*Task requirements:*
In the data that follows, find the line with "明光商会 シュレッダー 248403"; transcribe it, every later line up to the one with "凹凸のあるガラスは周囲の景色", and that line as well, exactly and with no others.

*Materials provided:*
■ ■ ■ ■ ■

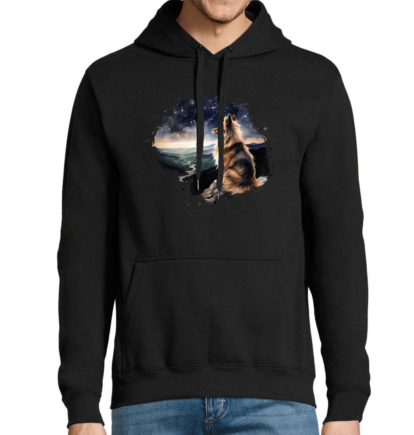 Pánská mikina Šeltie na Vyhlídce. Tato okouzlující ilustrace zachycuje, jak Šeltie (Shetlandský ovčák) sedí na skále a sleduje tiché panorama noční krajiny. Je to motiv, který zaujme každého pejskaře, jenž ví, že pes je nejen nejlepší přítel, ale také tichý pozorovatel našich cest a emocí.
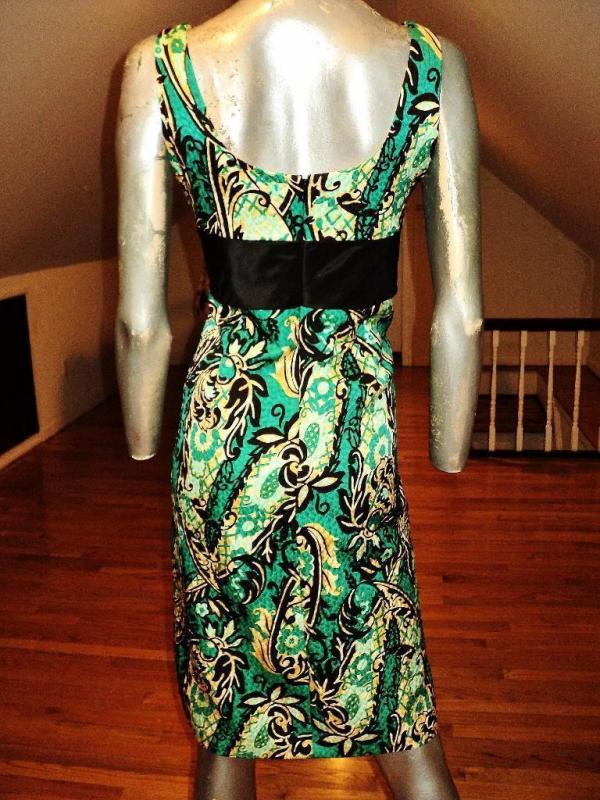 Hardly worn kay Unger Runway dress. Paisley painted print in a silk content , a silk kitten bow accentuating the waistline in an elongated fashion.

■ ■ ■ ■ ■

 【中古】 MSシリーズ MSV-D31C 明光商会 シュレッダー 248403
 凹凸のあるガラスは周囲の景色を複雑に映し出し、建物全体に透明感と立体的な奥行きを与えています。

■ ■ ■ ■ ■

*Response to this task:*
 【中古】 MSシリーズ MSV-D31C 明光商会 シュレッダー 248403
 凹凸のあるガラスは周囲の景色を複雑に映し出し、建物全体に透明感と立体的な奥行きを与えています。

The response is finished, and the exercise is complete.